“Tüm toplumlarda toplumun sürekliliğini sağlayan çocukların bakımı ve eğitim önem taşımaktadır” (GÜVENÇ, 1984, s:273).
“Eğitim kurumlarının yaygınlaşması ve çocuğun eğitimi işlevinin aileden eğitim kurumlarına geçmesi ve endüstrileşme ile birlikte zorunlu hale gelmiştir. Endüstrileşme sonucu ailedeki yetişkinler topraktan koparak fabrikalarda çalışmaya başlayınca aile ekonomik birim olmaktan çıkmış geniş aileler anne, baba ve çocuklardan oluşan çekirdek ailelere dönüşmüştür. Ekonomik faaliyetlerin ev dışında yürütülmesi toplumda birçok yeni mesleğin ortaya çıkması ve bu mesleklerin özel bilgi ve beceri gerektirmesi ailelerin çocuğun eğitim işlevinin istenilen şekilde yerine getiremez duruma gelmesine neden olmuştur” (ERDEN, 1998, s:92-93).

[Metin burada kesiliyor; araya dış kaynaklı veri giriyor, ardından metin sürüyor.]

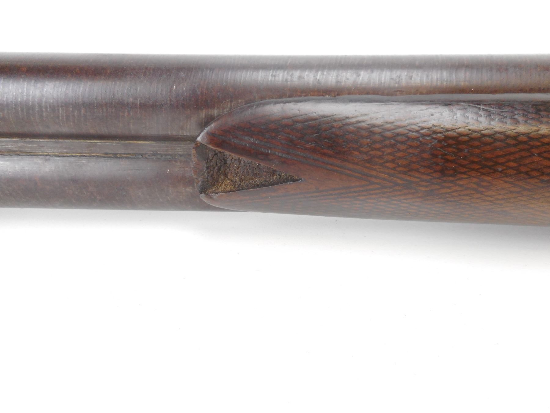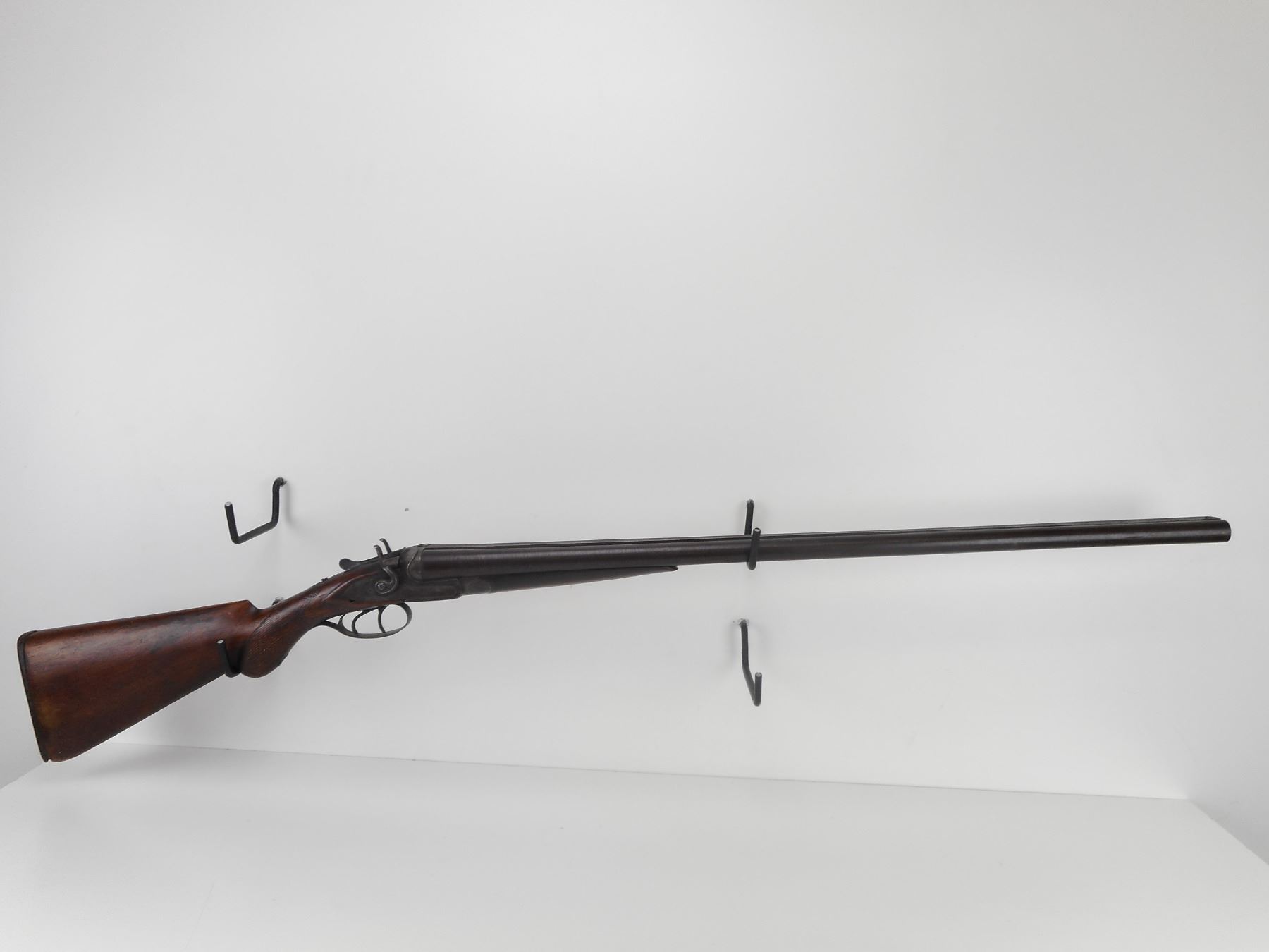 J.J. WESTON , MODEL: SIDE BY SIDE , CALIBER: 12 GA X 2 3/4" , GOOD BORES. MODIFIED CHOKES. BEAD FRONT SIGHT. TWO PIECE CHECKERED HARDWOOD STOCK. CRACKED AND CHIPPED PLASTIC BUTTPLATE. CHIPPED FOREND. LARGE CRACK AND CHIP AT THE WRIST. SHOWS EXTENSIVE HANDLING MARKS. BARREL LENGTH: 30" , CONDITION: 4/10 , STOCK # NR10736, SERIAL # 23757, CLASS: CANADIAN NON RESTRICTED CLASS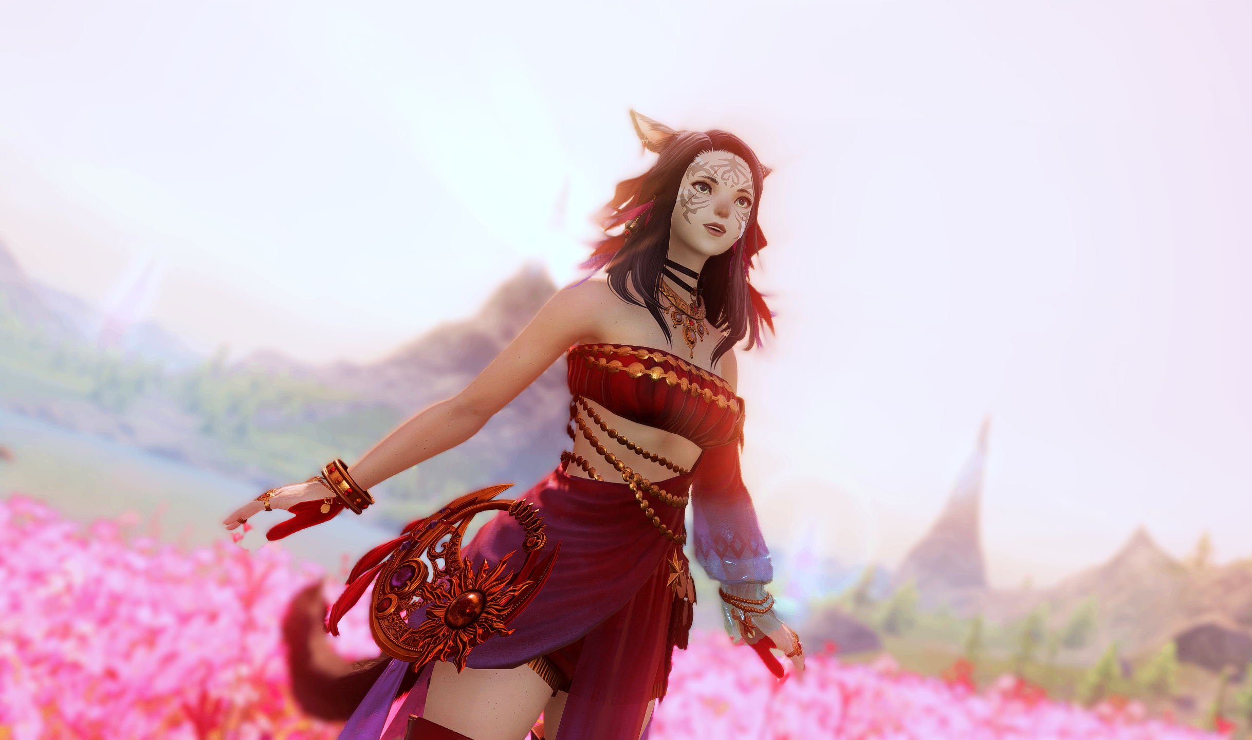 BACKGROUND. After nearly a decade of living a nomadic lifestyle with two young sons, Moku and Sagra Soleil returned to the land of the Dusk Mother when they discovered they were going to have a daughter. With a Raen mother and a Xaela father, a baby girl born with pearly white scales that gleamed in the sun amongst a tribe of Xaela men and women was something none of the elders, let alone her parents, could’ve ever imagined.Myria, one of very few women to be born into their tribe, was protected to a fault. The adults in her life did everything they could to snuff out her curiosity - always responding with worried expressions and dismissive comments any time she asked questions about the world beyond the village walls. One source of solace, however, was the little Raen girls’ older brothers. They were her best friends and greatest teachers, regaling her with stories of their hunts and adventures across the vast landscape of the Steppe. Wanting nothing more than to join them in their escapades, she begged to follow in their footsteps in the fields only to be told no at every turn. Instead, she was tutored rigorously in the art of white magic for years, eventually being assigned the position of personal healer and caretaker of the village elder.Myria had heard whispers around town that the elderly Xaela’s mind was going, and that he would likely require care at all hours of the day. To her surprise, however, the man seemed to light up when she’d walk into the yurt. Excited to share stories of his own youth, he was lively and animated, always bringing a smile to Myria’s face. One afternoon she broke down, confessing her dreams of adventure and deep disappointment knowing they’d never come to fruition. The elder snapped her out of it, scolding her for such pessimism, before tossing her a notebook, launching into a recounting of every survival tactic he could think of.He taught her what beasts were easiest to track and how to do so, listing the local fauna and ranking it from easiest to most difficult to slay. He taught her about fishing and foraging, even how to build a bow and a trappers kit, should she ever find herself on the run. She learned about different types of flowers and mushrooms, what was safe to eat and what wasn't. How to purify water, and what poisonous plants she'd have to look out for.As the sun began to set and he finished his lecture, the old man settled back in his chair with a wink, letting her know that a trader would be in town the following day and would likely need a volunteer to assist with moving a shipment of textiles across the Ruby Sea to Kugane. Before he sent her home for the night he penned a note to her parents, calling for their understanding as he’d enlisted her to join the couriers that would arrive the next day.Through a tearful exchange, Myria kissed her parents goodbye and hugged her brothers tightly, promising to write as soon as they docked in the city. Just before the caravan made its departure, the village elder ducked out of his tent to offer a knowing smile, waving farewell as the young woman began her journey across the plains to a brighter future.

“Ailenin günümüz koşullarında giderek önemi azalan, bir başka ekonomik işlevi daha vardır. Endüstri devriminden önce, hem kız hem erkek çocukların gelecekteki işlerini aile içindeki büyükleri izleyerek öğrenmeleri söz konusu idi. Bu durumun bazı mesleklerde günümüzde de görülmesine karşın, bu süreklilik artık çok yaygın değildir” (TOPRAKÇI, 2002, s:217).
“Toplumsal konum bir kişinin ya da ailenin öteki toplum üyelerinin gözündeki yeridir. Ailenin toplumsal konumunu belirleyen etkenler, aile üyelerinin toplumsal konumları, ailenin varlıklılığı, soyluluğu, inançları, öteki ailelerle ilişkileri, yaşadığı çevre, aile üyelerinin meslekleri, öğrenimleri ve benzerleridir” (BAŞARAN, 1994, s:62).
“Anne ve babanın dikkat etmesi gereken en önemli konu onu bilinçli olarak yetiştirmektir. O zaman yaşanması beklenen sorunlar en aza indirgenebilir” (TUZCUOĞLU, 2004, s:88).